Untitled-1-5It’s that time, just before the end of the year, when you look around the house and ask a simple question. Are you ready for the winter months, visiting guests, and other holiday plans?

Many people use a three-step process to have their homes in order. They (i) clean up the mess, (ii) reconfigure the house for their near-term plans, and (iii) prioritize small home upgrades to make an enjoyable holiday season.

We do this so that our friends and family have an enjoyable experience while we try to avoid the stress from last-minute changes. 

We can use similar thinking and approaches when looking to improve employee experiences with IT service management practices. The three steps – clean up, reconfigure, and prioritize small upgrades – are a foundation for how we can improve employee engagement and IT workflows in Jira Service Management (JSM). 

Only we’re not thinking about the holidays, instead we’re thinking about how we can streamline JSM to prepare the IT services team for the next few quarters.  

In the webinar that I moderate, 5 Ways to Improve Business Agility By Cleaning Up Your ITSM Tools, my panelists and I share best practices that fall across the three steps of cleaning up, reconfiguring, and prioritizing upgrades. For example, what should you clean up and simplify on request forms, how should you reconfigure ticket routing, and how should you prioritize consolidations from other ITSM tools or M&A business activities?


Take a user-centric approach when reviewing your JSM configuration 

Last year, I wrote about how to clean up projects in Jira Software and shared five guidelines on how agile teams and DevOps organizations should configure projects, boards, and user roles. In this post, I share insights on how to think about JSM projects, request types, portal groups, and services.

Specifically, ITSM teams often have conflicting requirements and can fall into disconnects between:

  • How they want the service desk to operate and improve operational KPIs
  • How ITSM connects with other IT functions, including DevOps and teams adopting scrum
  • What ITIL recommends as best practices when defining IT services
  • How the business is organized, including business units, geographies, and departments
  • How employees use technology services to complete their jobs efficiently and intelligently

These disconnects often lead to messy ITSM tool configurations, especially when IT consolidates from other ITSM tools, and M&A brings in new users and IT services.  

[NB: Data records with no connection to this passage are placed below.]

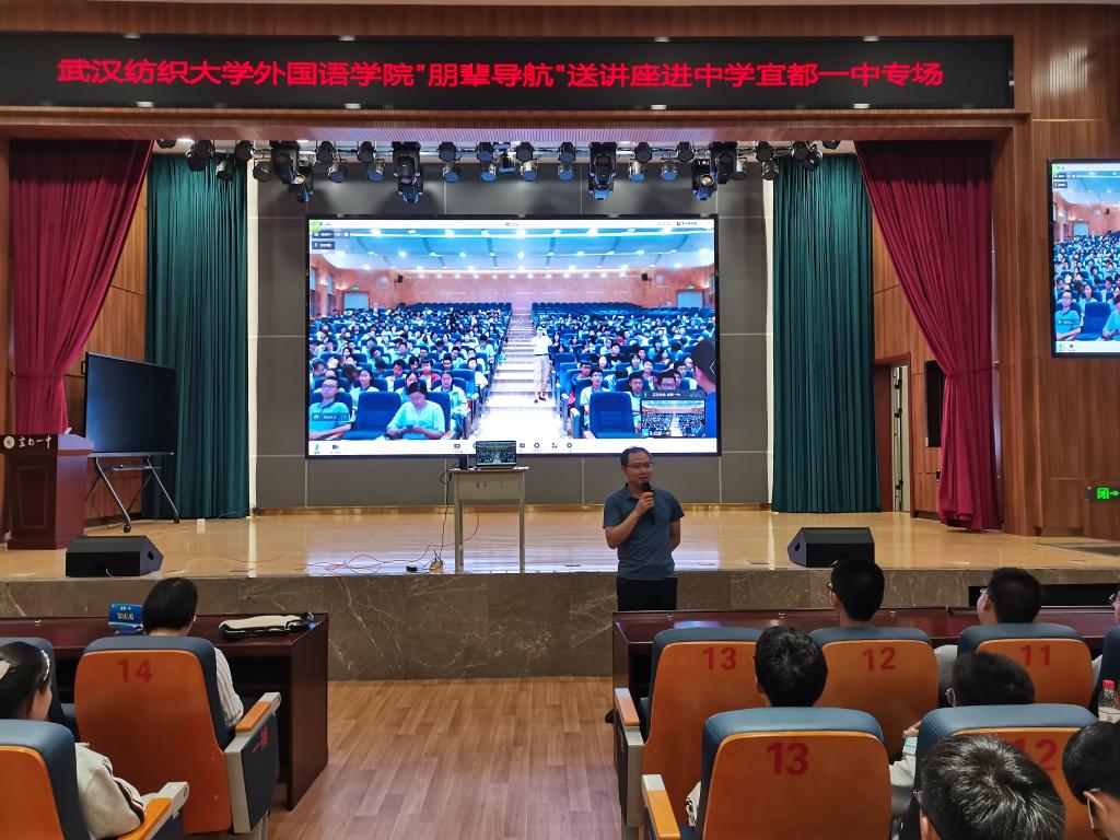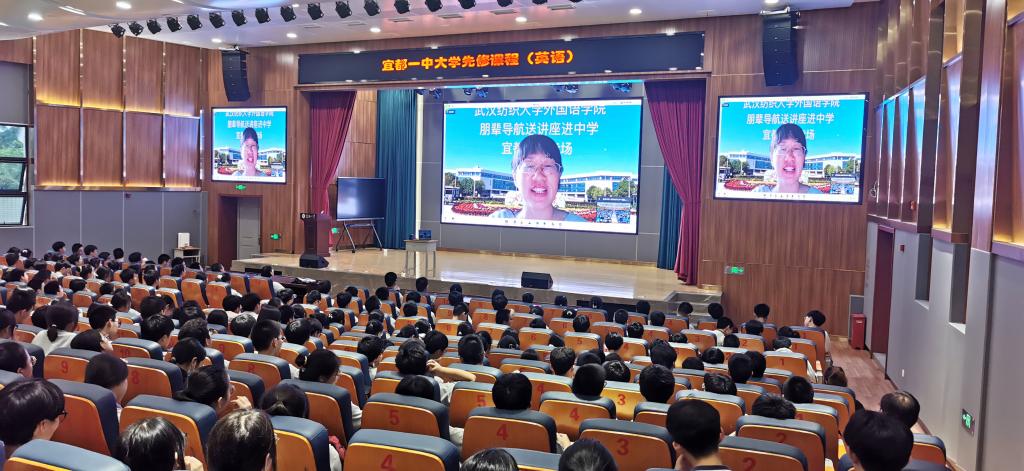 “听说月面国旗就是纺大制作的……”、“我前几天还在视频上看到纺大校长了……”宜都一中礼堂内氛围隆重且热烈。6月1日下午,外国语学院联系生源地学校宜都一中,通过线上平台开展“朋辈导航——送讲座进中学”招生宣传活动,宜都市第一中学副校长邹庆禹、外国语学院院长谭燕保、副院长刘方荣、副书记彭阳慈航、MTI中心主任刘珊、辅导员聂啸天参与宣传活动。2020级研究生顿新琪、2018级本科生刘心依燃作为主讲人,宜都一中300多名师生一同全程观看讲座。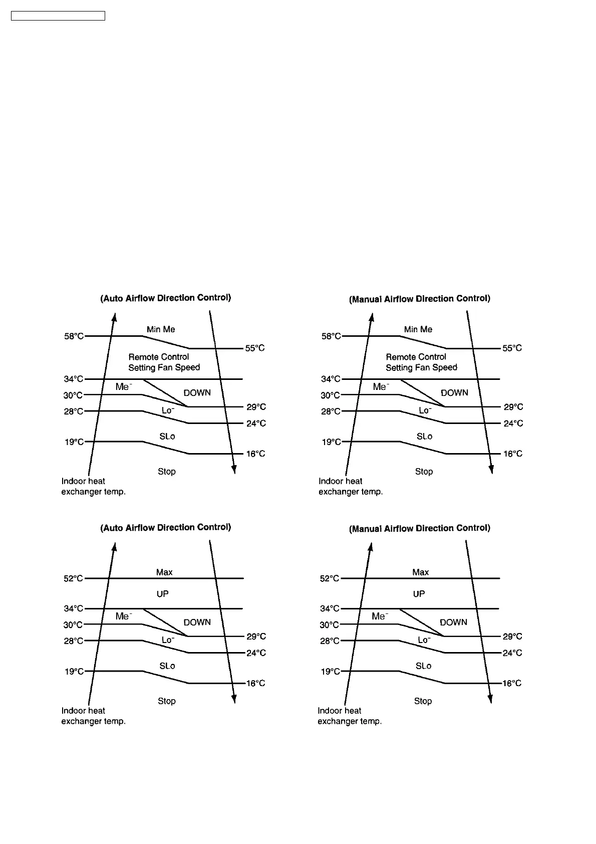 Indoor fan speed and airflow direction varies in accordance to the indoor heat exchanger temperature as shown below: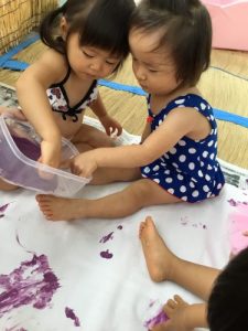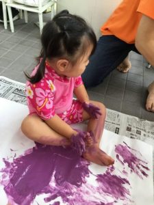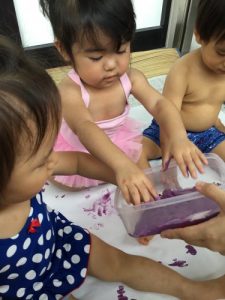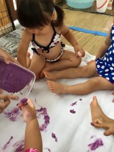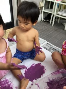 1歳児はフィンガーペインティングをしました!

So let’s look at cleaning up, reconfiguring, and prioritizing upgrades from three perspectives:


1. Defining how employees, executives, and other end-users understand IT requests 

Last-gen ITSM tools (you know which ones I’m talking about) focused on IT’s workflow, so their configurations mimicked the IT organizational model and system responsibilities. Today, IT leaders know that businesses measure ITSM’s performance by how effectively IT service desk employees respond to employee requests, how quickly incidents get resolved, how efficiently IT is resolving problems, and how well IT communicates with everyone in the organization. 

The implication is that ITSM tools must be configured using business-friendly terms and configurations that are simple for employees to navigate. While poor employee satisfaction (ESAT) scores and long resolution times are problematic, not hearing about issues from employees and watching them perform heroic workarounds instead of asking IT for help is a disaster.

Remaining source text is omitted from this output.